These sections discuss the usage of the DOCA DMA library in real-world situations. Most of this section utilizes code which is available through the DOCA DMA sample projects located under /samples/doca_dma/dma_local_copy .

When memory is local to your DOCA application (i.e., you can directly access the memory space of both source and destination buffers) this is referred to as a local DMA operation.

The following step-by-step guide goes through the various stages required to initialize, execute, and clean-up a local memory DMA operation.



The DMA API uses the DOCA core library to create the required objects (memory map, inventory, buffers, etc.) for the DMA operations. This section runs through this process in a logical order.
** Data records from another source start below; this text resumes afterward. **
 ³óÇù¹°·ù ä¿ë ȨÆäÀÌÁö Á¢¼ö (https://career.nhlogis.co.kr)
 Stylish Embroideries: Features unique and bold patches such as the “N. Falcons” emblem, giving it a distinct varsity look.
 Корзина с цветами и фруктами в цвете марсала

If you already have some of these operations in your DOCA application, you may skip or modify them as needed.



The first requirement is to open a DOCA device, normally your BlueField controller. You should iterate all DOCA devices (via doca_devinfo_list_create() ), select one using some criteria (e.g., PCIe address), then the device should be opened (via doca_dev_open() ). More information that may help decide on a device can be found in the Device Support section. Once the desired device is opened, the list can be immediately destroyed (via doca_devinfo_list_destroy() ). This frees the resources of all devices other than the one that was opened.
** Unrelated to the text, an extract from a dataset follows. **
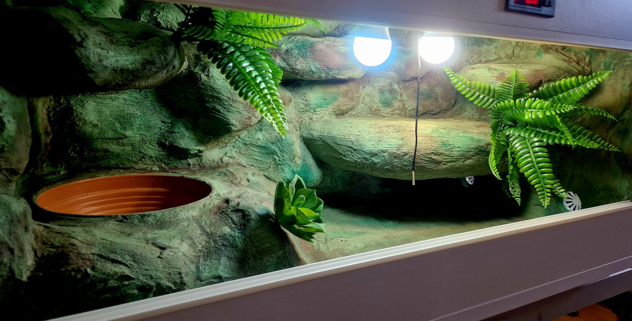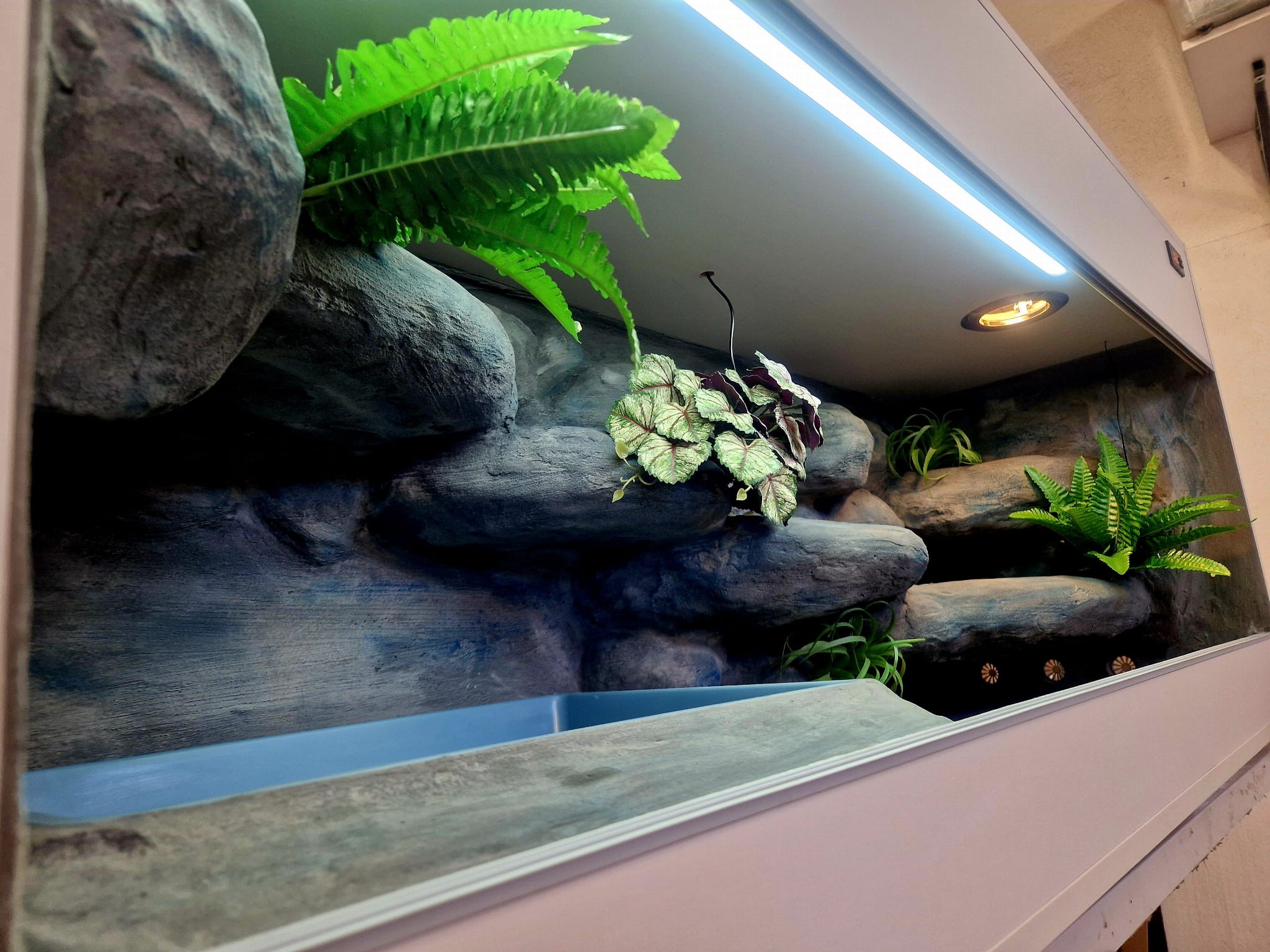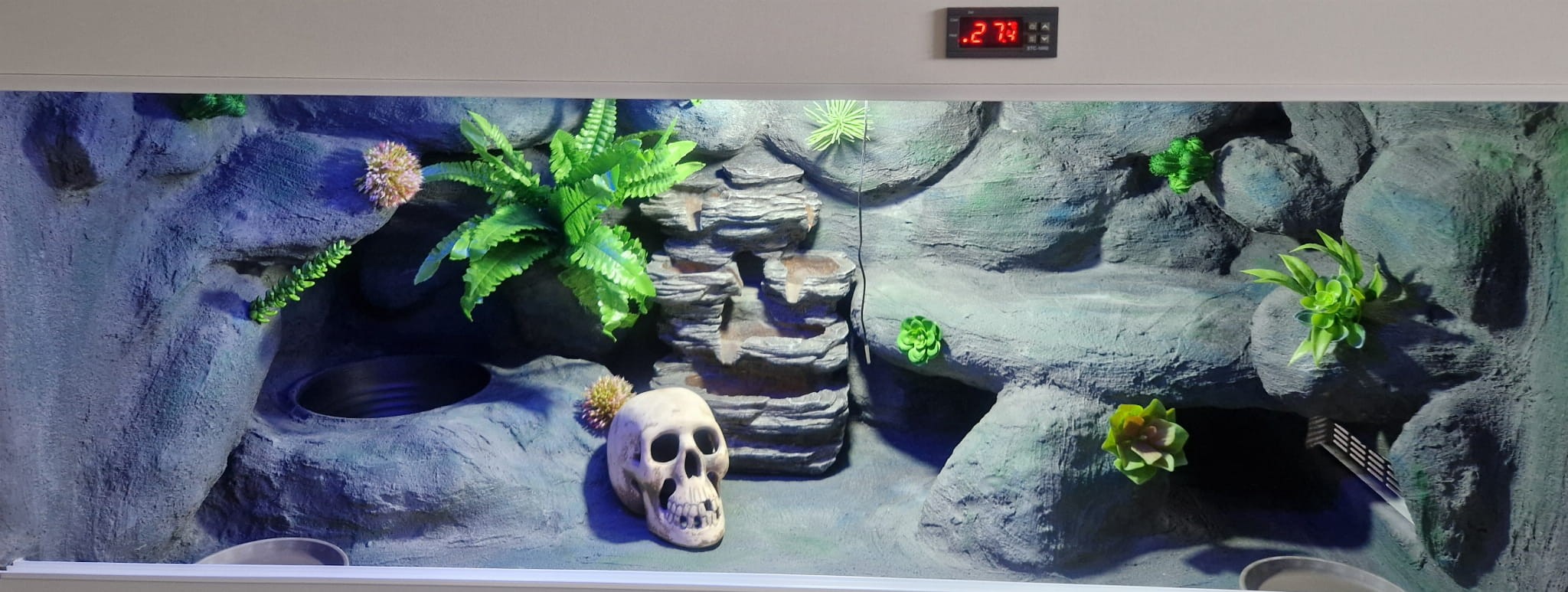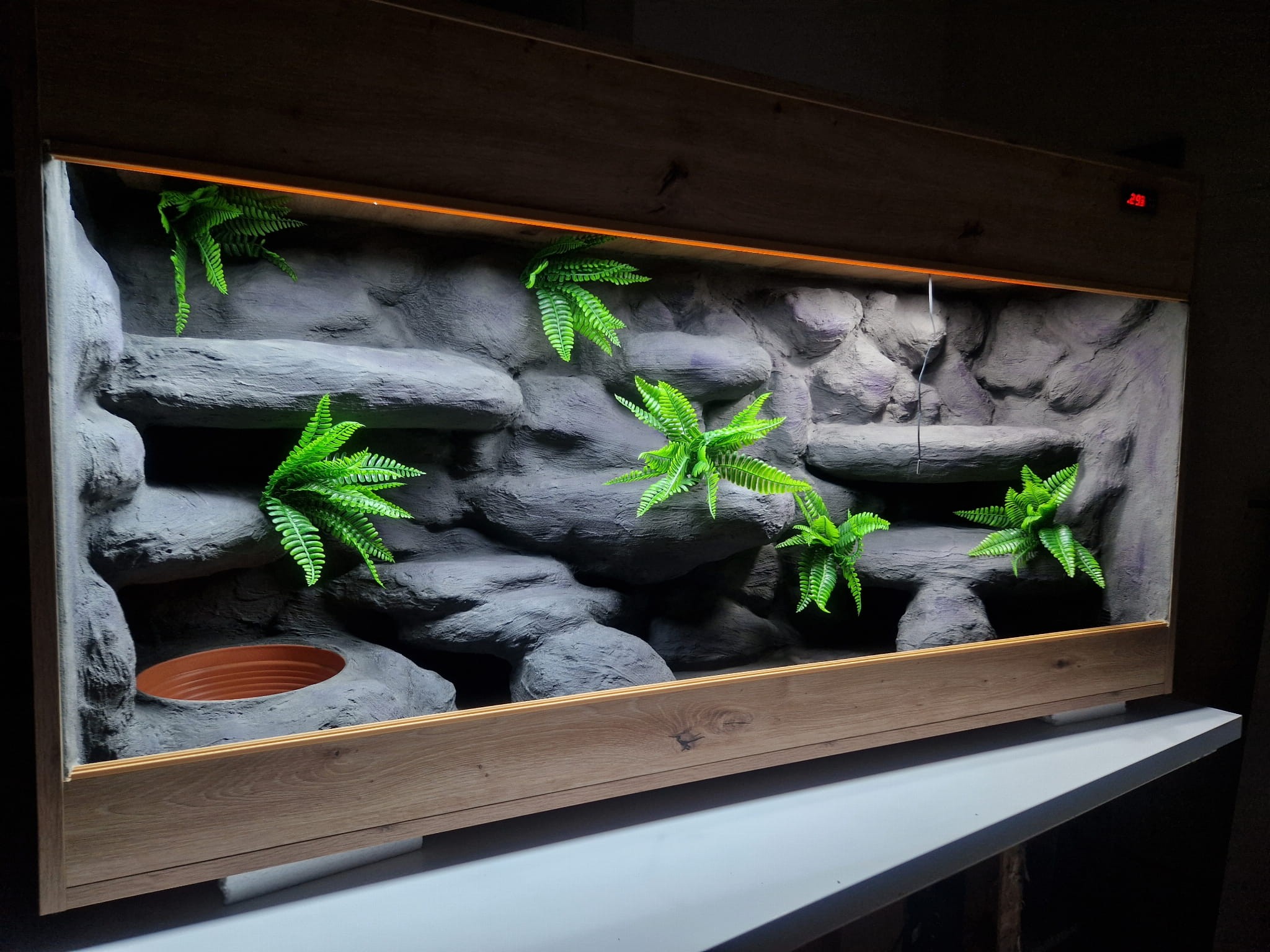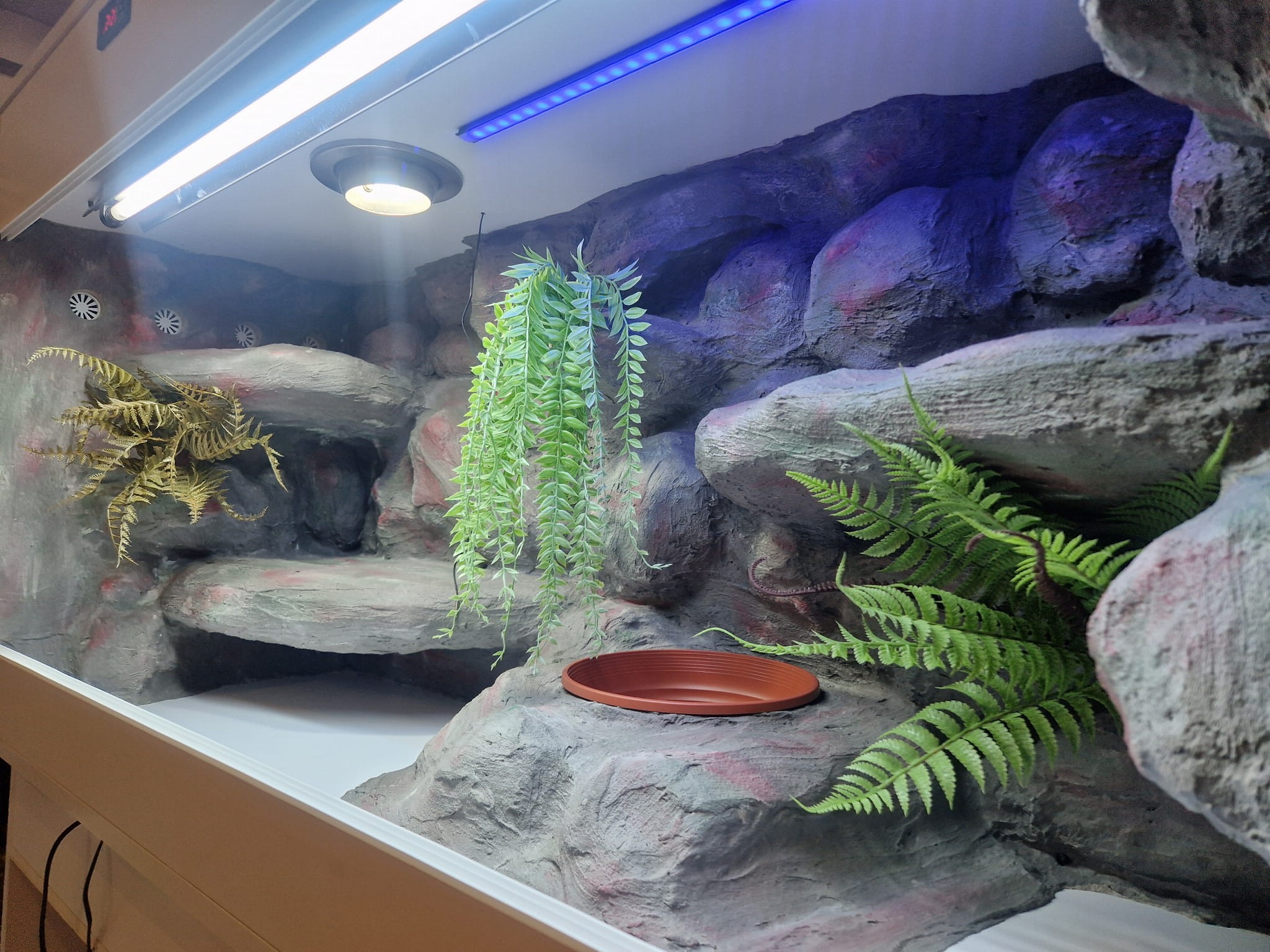Zdjęcia przedstawiają wykonane przez nas terraria na indywidualne zamówienie i mogą być wzorem do kolejnych prac. Terraria zamówione przez Państwa nie będą więc kopią jak te przedstawione poniżej - mogą być jednak podobne. Każdy zbiornik budujemy od podstaw. Kupujący ma możliwość wyboru układu skał (w miarę możliwości) oraz koloru tła terrarium.

DOCA DMA requires several DOCA objects to be created. This includes the memory map ( doca_mmap_create() ), buffer inventory ( doca_buf_inventory_create() ), work queue ( doca_workq_create() ). DOCA DMA also requires the actual DOCA DMA context to be created ( doca_dma_create() ).

Once a DMA instance is created, it can be used as a context (using doca_ctx APIs). This can be achieved by getting a context representation using doca_dma_as_ctx() .

In this phase of initialization, the core objects are ready to be set up and started.



The memory map is used to define the memory region where data is copied to or from. See NVIDIA DOCA Core Programming Guide for more details about memory subsystem.

Consider the case where the source data and destination data reside in two different memory ranges which are not necessarily continuous: For that purpose, two doca_mmap s must be created, a source mmap and a destination mmap.

The initialization of both mmaps is similar:

Set the source or destination memory range using doca_mmap_set_memrange() . Add the doca_device that has been opened earlier (must be same device used for the DMA context initialization later) using doca_mmap_dev_add() . Set permissions of the mmap. In this case, set the minimum viable permissions as follows: The source mmap is only be used for reading data ( DOCA_ACCESS_LOCAL_READ_ONLY )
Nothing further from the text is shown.